The annual tech mega-gathering known as CES kicks off Tuesday with a full lineup of Internet-connected gadgetry for all facets of consumer life.

CES grows and grows, with this year’s attendance pegged at more than 182,000 people from 155 countries with nearly 5,000 exhibiting companies and sessions with many hundreds of speakers.

Two days before the official opening of CES at the massive Las Vegas Convention Center and surrounding hotels, the head of research for the Consumer Technology Association (CTA), the organization that puts on CES, opens a pre-show for journalists and analysts to highlight trends and the state of the market.

By time frames, 2000 was the Digital Age, 2010 was the Connected Age and 2020 will be the Data Age, said Steve Koenig, vice president of research at CTA in his opening presentation.

The Internet of Things is becoming the Intelligence of Things, with the growth of embedded artificial intelligence, machine learning and digital assistants, Koenig said, noting that Amazon Alexa has nearly 60,000 skills and runs on more than 20,000 compatible devices.

Other advancements are on the horizon, such as 8K TV, with the average screen size today of 48 inches growing to 50 inches in two years, with 8K TV shipments estimated at more than a million by 2021.

Shipments of eyewear for augmented and virtual reality are expected to slow slightly in 2019 and then ship more than 2 million units in 2020 and closer to 3 million units by 2023, said Koenig.

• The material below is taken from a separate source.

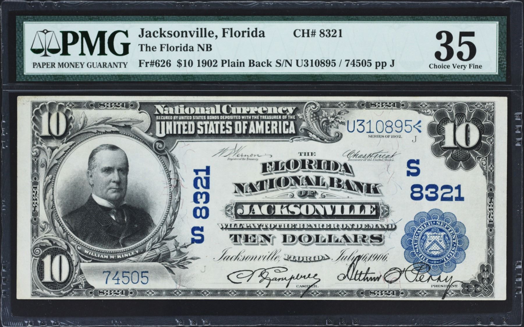 A great trio of Florida notes with the following; $5 on charter 6888 in Very Fine 25; $10 on charter 8321 in Choice Very Fine 35; $20 on charter 5603 in Very Fine 20 with PMG commenting "Minor Repairs."

Many auto brands and vehicle tech suppliers will be showing their latest innovation at CES. Koenig noted that GM’s Cruise unit, Ford’s Argo AI and the Daimler/Bosch trials all are getting underway this year.

He pointed out the significant investments being made in self-driving technologies. These include Ford investing $1 billion in Argo AI, Toyota putting $1 billion into Toyota Research Institute, GM’s $581 million to acquire Cruise and another $500 million investment in Lyft, Volvo’s $300 million to purchase Otto, Intel’s $15.3 billion to buy Mobileye and Hyundai’s $1.7 billion in research and development.

There’s a lot of money resting on the devices being shown this week.  Some are quite appropriately being introduced in Las Vegas.